Этот принцип: «минимум информации вовне» был основой личной безопасности советского человека: меньше разговоров о твоем и твоих близких прошлом, о вашей частной жизни – меньше опасность, что в этом прошлом, в этой жизни начнут копаться, задавать вопросы, до чего так охоч был тот самый Первый отдел и его многочисленные осведомители (вопрос: «А что ты делал до 17-го года?» и теперь еще бытует в русской речи как ироническая идиома).
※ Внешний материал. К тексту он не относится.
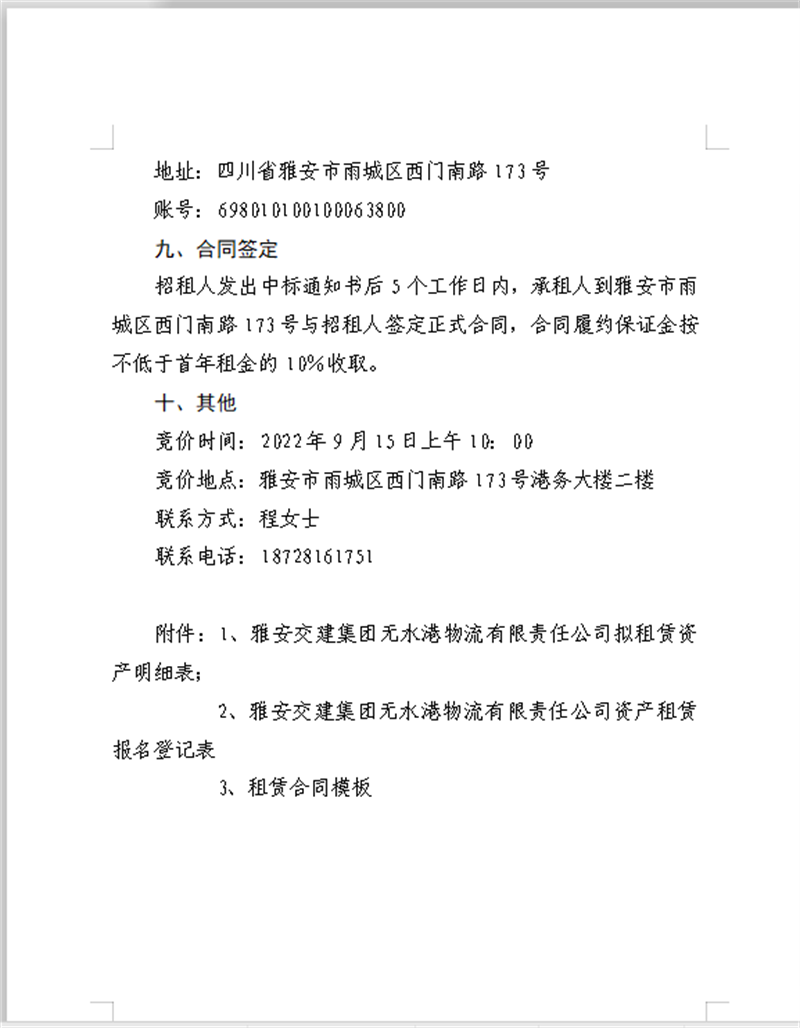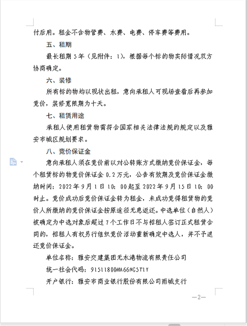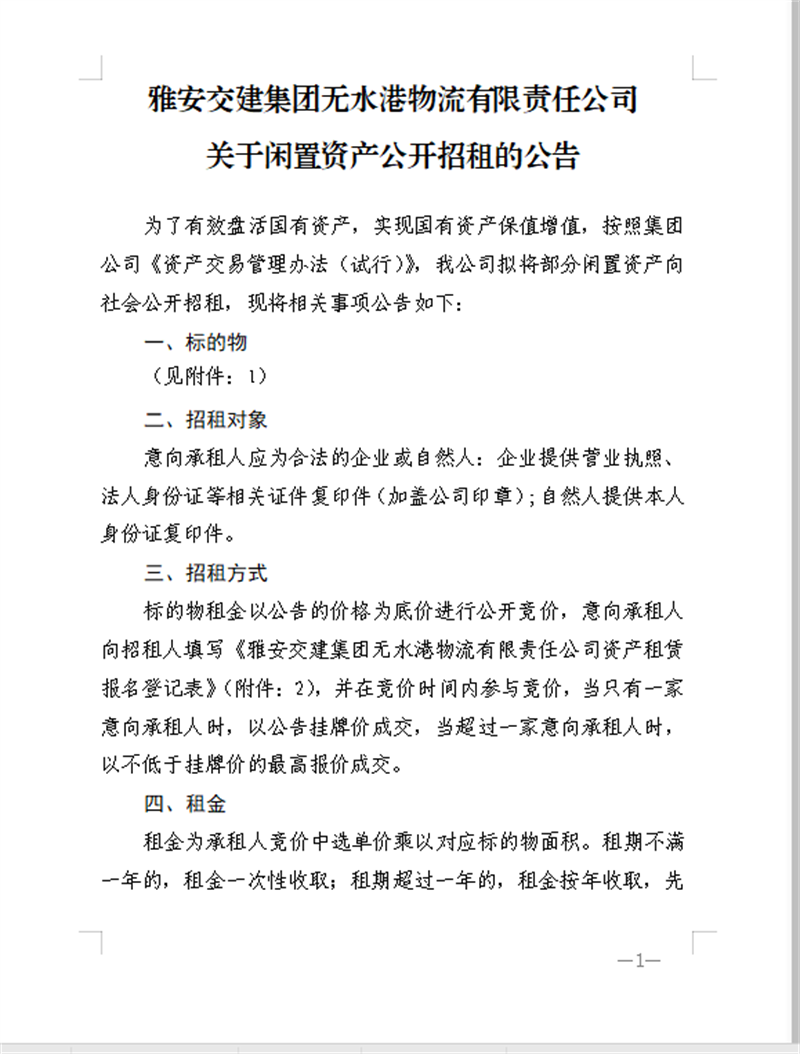 雅安交建無水港公司關(guān)于閑置資產(chǎn)公開招租的公告
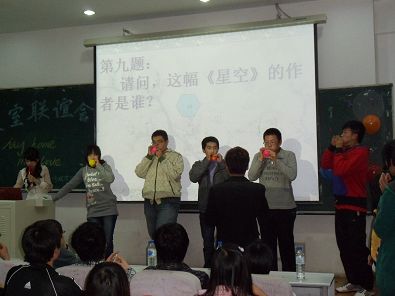 当晚,在三教二阶举行的悟空体育联谊会更是将整个活动推向了高潮。14支队伍竞相进行了才艺展示,大家各显神通。场上同学才思敏捷,积极献艺;场下观众积极活跃,秩序良好。最后,评委组选出三只优胜队伍并进行奖励。在一片欢声笑语中,本届寝室文化节圆满落幕。
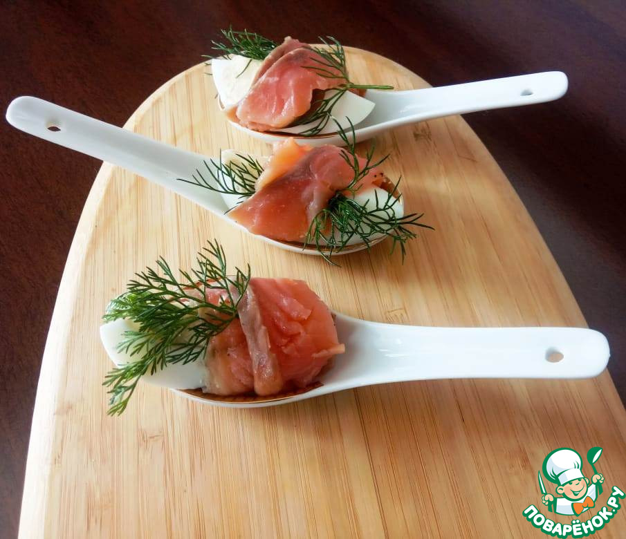 Работа довольно муторная, придется повозиться, но так нарядно смотрится на столе, да и вкусно, я очень люблю. Обычно скалываю шпажкой и еще вместе с укропчиком подкладываю колышек подмороженного масла (когда его можно уже нарезать, как пару спичинок примерно). Рыбу использую любую, какая есть - и копченую, и просто соленую. На фото у меня чуть подвяленная горбуша домашнего посола.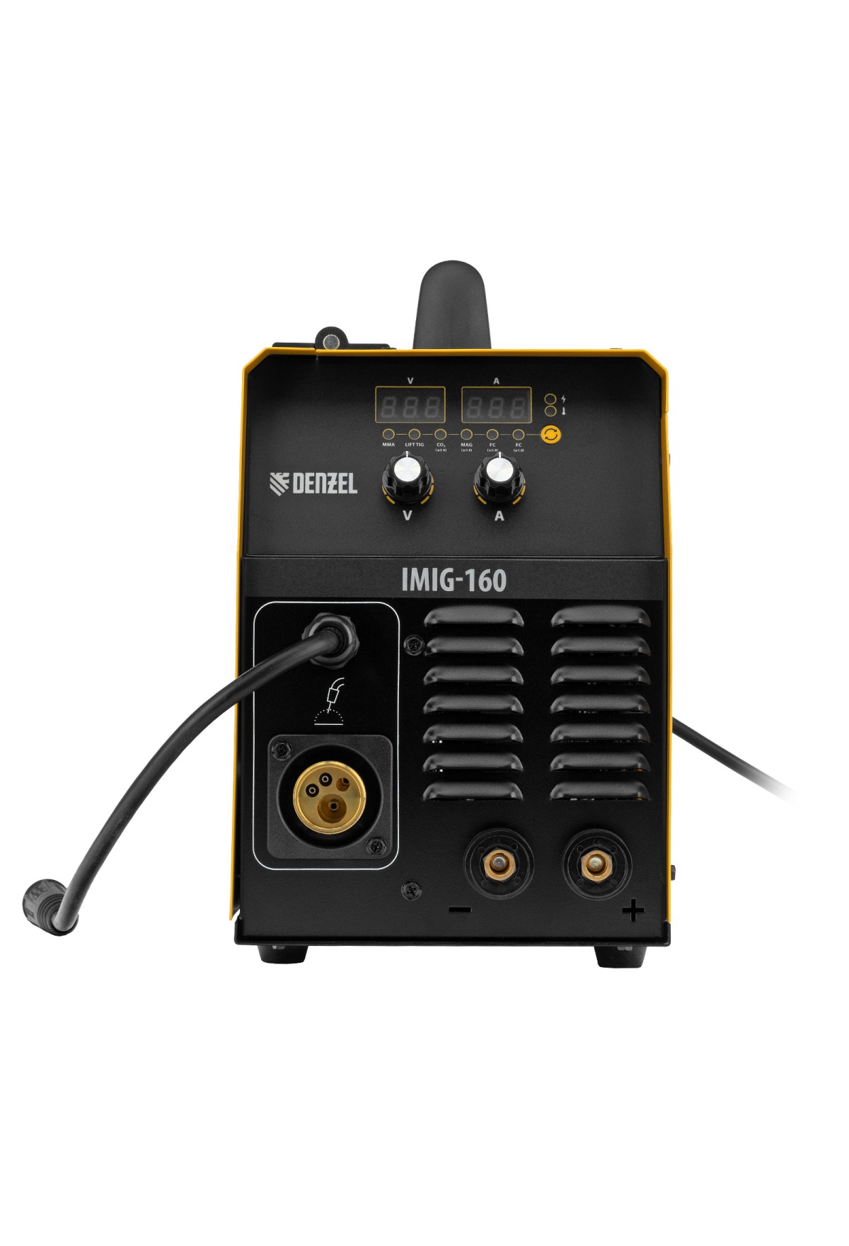 Инверторный аппарат полуавтоматической сварки Denzel IMIG-160 94314 работает со сварочным током до 160 А, характеризуется продолжительностью включения 60% и совместим с катушками до 5 кг. Используется для сварки углеродистых и нержавеющих сталей с использованием постоянного тока. Эффективен для работы с тонкостенными заготовками.,Сварочный аппарат произведен по технологии IGBT, что обеспечивает стабильную и эффективную работу на протяжении длительного времени. Синергетическое управление упрощает работу и позволяет получить сварной шов неизменно высокого качества. Аппарат автоматически подбирает оптимальные значения напряжения, скорости подачи проволоки и другие параметры.

Но при такой принципиальной сдержанности (если не сказать скрытности) и детям не полагалось знать лишнего и многое оставалось «не для детских ушей». Дети же, вырастая, погружались в собственные заботы, и им уже было не до семейных тайн – даже тогда, когда стареющие предки готовы были ими поделиться. Теряя память о прошлом, люди становились вполне «советскими». Старики умирали, и с ними умирали знания об их жизни, об их времени, умирали и прежние представления о том, «что такое хорошо и что такое плохо». Ионины еще не были вполне советскими, даже мой отец, «номенклатурный совслужащий», в 1946 году посчитавший нужным вступить в партию. Но наше поколение – мы уже совершенно советские люди, безо всяких кавычек. Мы не только «под собою не чуем страны». Мы вообще люди без частной памяти: ее в нашем сознании заместили всеобщие мифы – о революции, о социалистическом строительстве, о Великой Победе и т. д. и т. п.